TASK DESCRIPTION -
Leave the pictures out. Retype exactly the lines below from the one containing "The results tab" through the one containing "Elegantní adventní svícen", and no others.

RECORDS FOR PROCESSING -

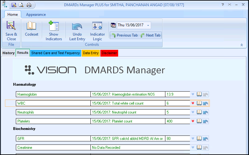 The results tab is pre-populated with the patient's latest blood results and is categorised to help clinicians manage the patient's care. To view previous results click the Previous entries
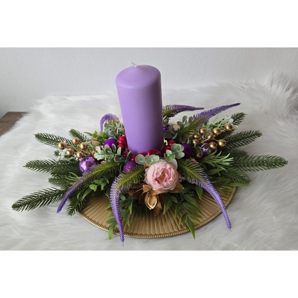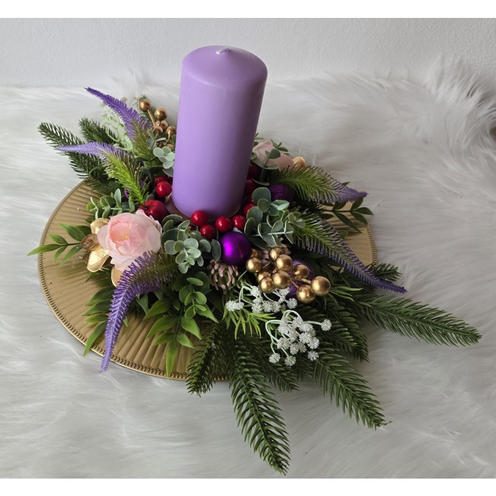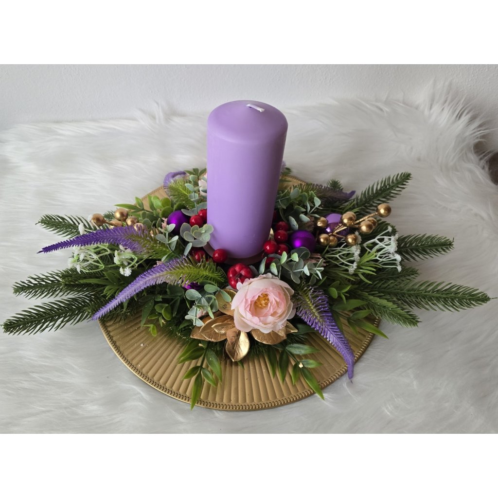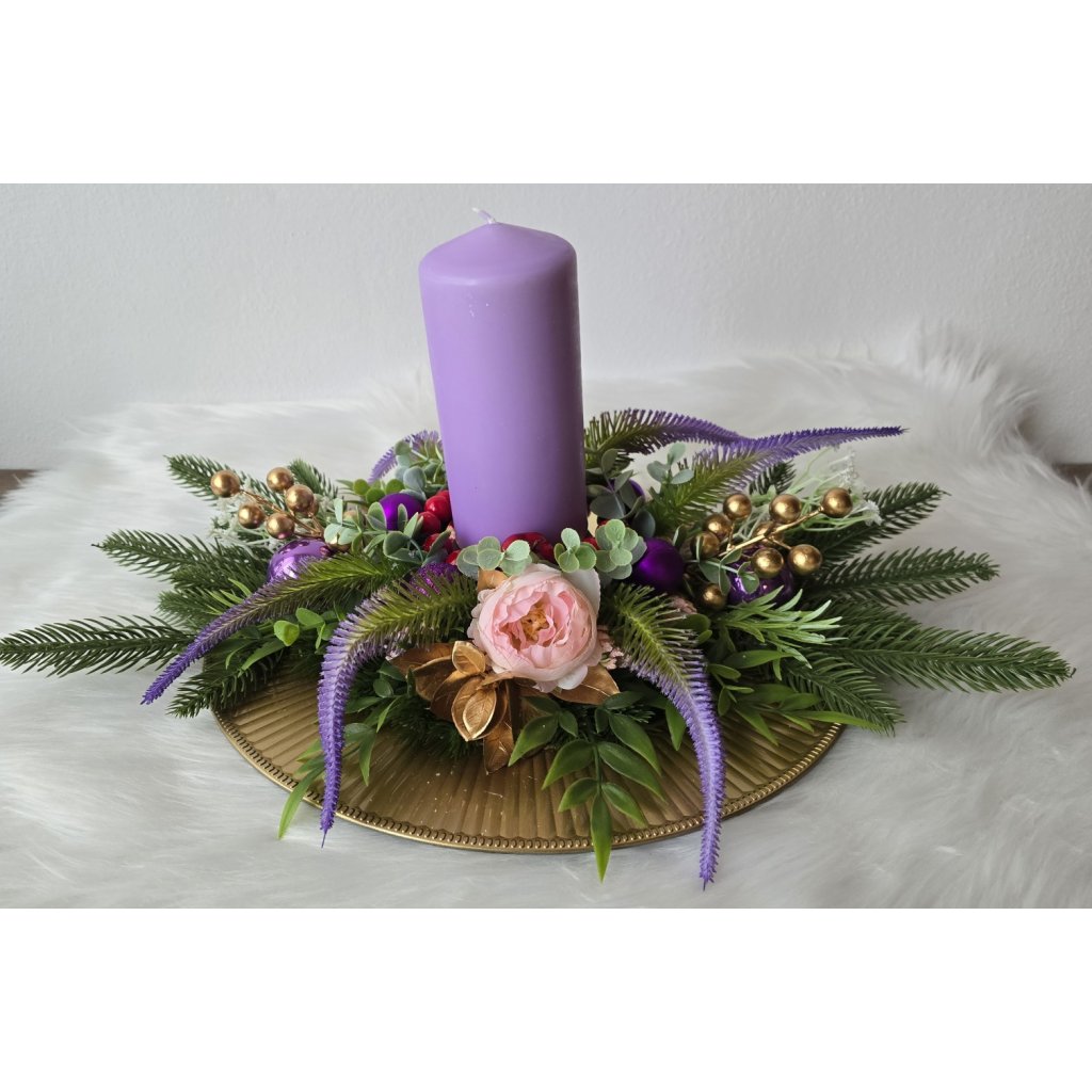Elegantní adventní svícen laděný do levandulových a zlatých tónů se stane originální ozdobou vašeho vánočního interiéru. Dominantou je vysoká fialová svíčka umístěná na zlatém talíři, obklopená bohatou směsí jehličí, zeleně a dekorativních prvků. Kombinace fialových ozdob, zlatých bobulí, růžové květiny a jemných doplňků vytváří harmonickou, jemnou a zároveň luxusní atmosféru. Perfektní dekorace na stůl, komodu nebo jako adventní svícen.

---

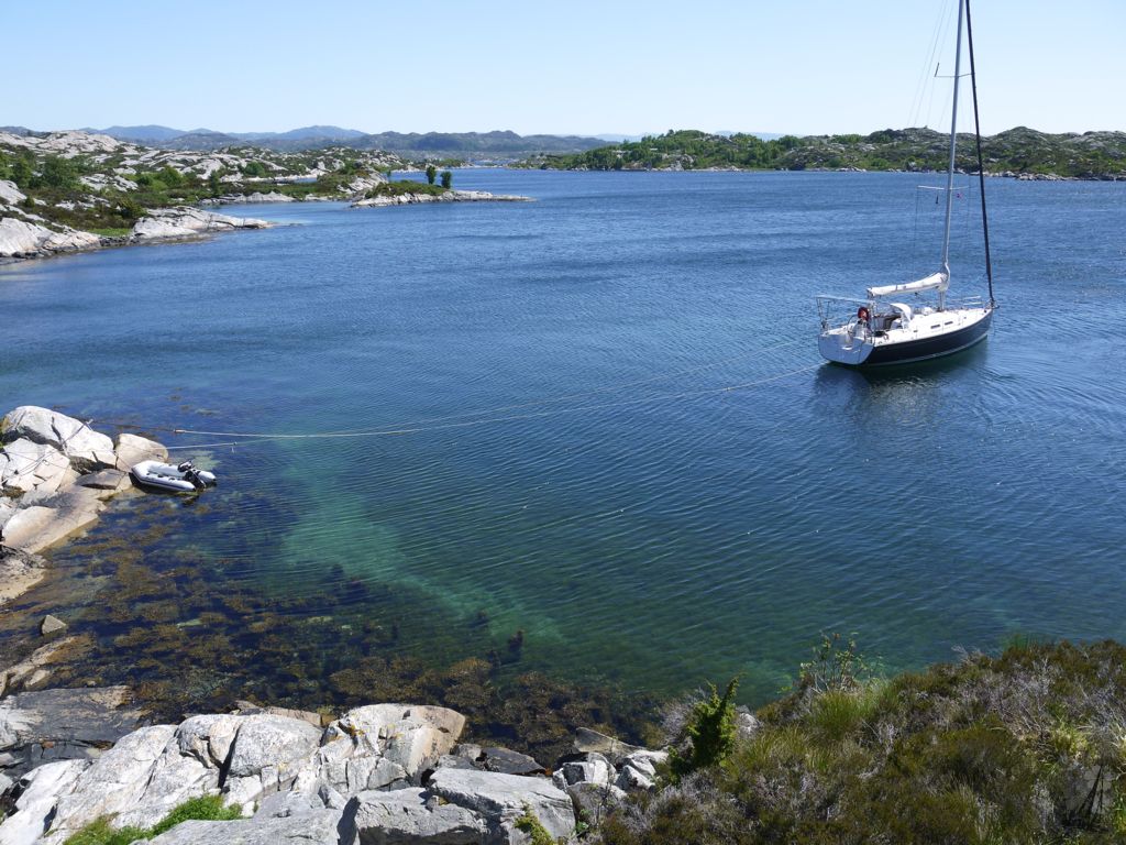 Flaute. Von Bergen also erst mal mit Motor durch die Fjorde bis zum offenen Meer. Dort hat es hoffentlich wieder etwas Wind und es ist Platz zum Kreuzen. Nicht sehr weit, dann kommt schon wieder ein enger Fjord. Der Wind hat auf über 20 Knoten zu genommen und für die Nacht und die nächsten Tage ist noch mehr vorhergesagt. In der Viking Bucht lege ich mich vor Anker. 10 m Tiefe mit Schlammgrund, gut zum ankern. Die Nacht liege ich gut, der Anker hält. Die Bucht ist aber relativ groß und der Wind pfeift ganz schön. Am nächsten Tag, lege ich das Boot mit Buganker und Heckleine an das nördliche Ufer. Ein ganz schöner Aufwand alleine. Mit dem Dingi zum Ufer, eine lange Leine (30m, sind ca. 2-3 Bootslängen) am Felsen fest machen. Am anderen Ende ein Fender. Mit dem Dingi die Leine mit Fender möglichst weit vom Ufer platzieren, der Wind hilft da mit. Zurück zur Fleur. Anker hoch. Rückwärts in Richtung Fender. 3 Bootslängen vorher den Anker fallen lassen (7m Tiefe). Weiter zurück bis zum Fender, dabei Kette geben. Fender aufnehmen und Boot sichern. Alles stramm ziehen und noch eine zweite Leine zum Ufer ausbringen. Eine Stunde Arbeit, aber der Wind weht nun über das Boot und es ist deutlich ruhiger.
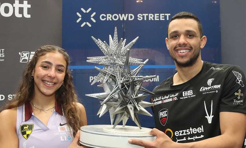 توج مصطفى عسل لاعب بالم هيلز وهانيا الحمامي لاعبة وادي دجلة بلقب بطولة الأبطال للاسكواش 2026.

SOLUTION BELOW -
 The results tab is pre-populated with the patient's latest blood results and is categorised to help clinicians manage the patient's care. To view previous results click the Previous entries
Elegantní adventní svícen laděný do levandulových a zlatých tónů se stane originální ozdobou vašeho vánočního interiéru. Dominantou je vysoká fialová svíčka umístěná na zlatém talíři, obklopená bohatou směsí jehličí, zeleně a dekorativních prvků. Kombinace fialových ozdob, zlatých bobulí, růžové květiny a jemných doplňků vytváří harmonickou, jemnou a zároveň luxusní atmosféru. Perfektní dekorace na stůl, komodu nebo jako adventní svícen.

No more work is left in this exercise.